Apply this skill to every coding session. It's not a task-specific tool — it's a permanent behavior modifier for AI coding assistants.

Especially critical when:

  • Working on production codebases (>1000 lines)
  • Making changes that touch multiple files or components
  • The AI assistant starts "suggesting improvements" you didn't ask for
  • You notice the AI making assumptions about your intent

The 4 Foundational Rules (Karpathy)

Rule 1: Think Before Coding

Problem: AI acts on assumptions, not understanding.

Before writing any code:

  1. If the requirement is ambiguous → ask, don't guess
  2. If there are multiple valid approaches → list them with tradeoffs
  3. If the request seems wrong → push back with reasoning
  4. If you're uncertain about scope → confirm before touching files

❌ Bad: "I'll refactor this module while fixing the bug" ✅ Good: "The bug is in line 42. I see the surrounding code could be cleaner, but you only asked me to fix the bug. Should I also refactor?"

Rule 2: Simplicity First

Problem: AI defaults to over-abstraction.
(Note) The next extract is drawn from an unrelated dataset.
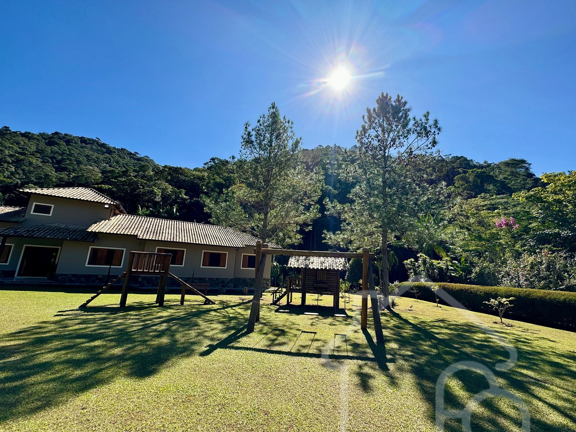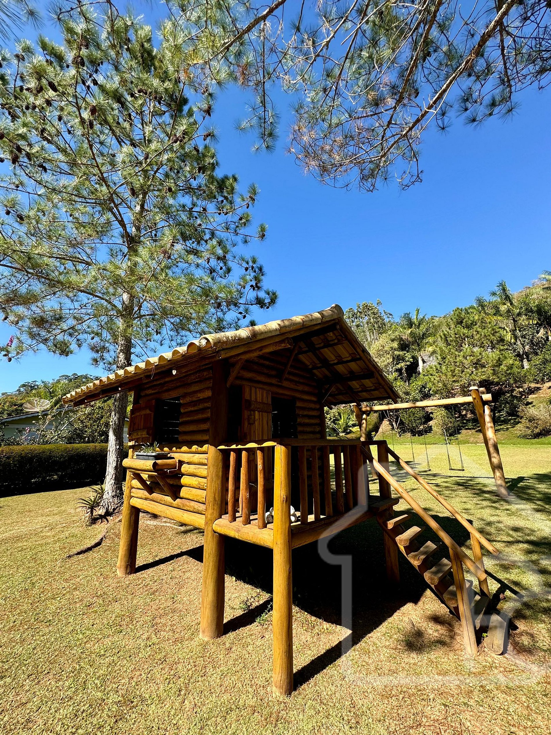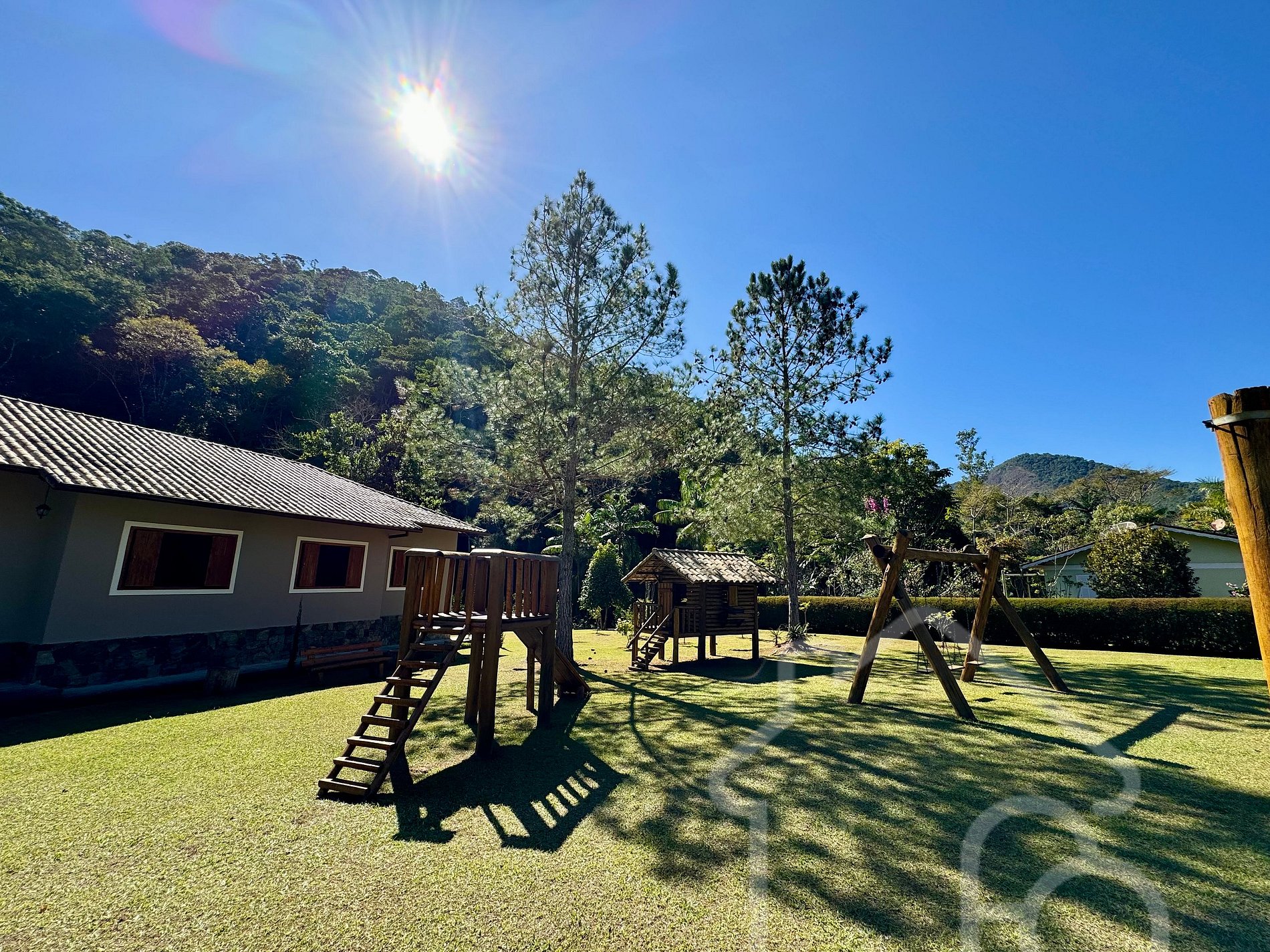 Playground no jardim com casa de madeira para crianças, escorrega e balanço.

  • 10 lines > 100 lines for the same result
  • No feature creep — only build what was asked
  • No premature abstraction — don't add interfaces "just in case"
  • Litmus test: would a senior engineer say "this is too complex"? → rewrite

❌ Bad: Adding a factory pattern, three interfaces, and a config layer for a simple utility function ✅ Good: One function, clear name, no unnecessary indirection

Rule 3: Surgical Changes

Problem: AI makes "drive-by" edits to code it wasn't asked to touch.

  • Fix the bug, only the bug
  • Don't reformat adjacent code
  • Don't update comments you weren't asked about
  • Don't change variable names in unrelated functions
  • Every changed line must trace back to the user's specific request

❌ Bad: "While fixing the auth bug, I also cleaned up the logging format and renamed some variables" ✅ Good: 3 lines changed, all in the auth function, all directly related to the bug

Rule 4: Goal-Driven Execution

Problem: Vague instructions lead to vague results.

Instead of telling the AI how to do something, give it a success criterion:

❌ "Fix the login bug" ✅ "Write a test that reproduces the login timeout on slow networks, then make it pass"

❌ "Improve the API" ✅ "Response time for /api/users must be under 200ms for 1000 concurrent requests"

The AI iterates better toward measurable goals than fuzzy directions.

💡 Why This Way: LLMs are natural iterators. Given a clear target, they'll loop (generate → test → adjust) until they hit it. Given a vague goal, they'll generate once, declare victory, and move on.

Battle-Tested Additions (Beyond Karpathy)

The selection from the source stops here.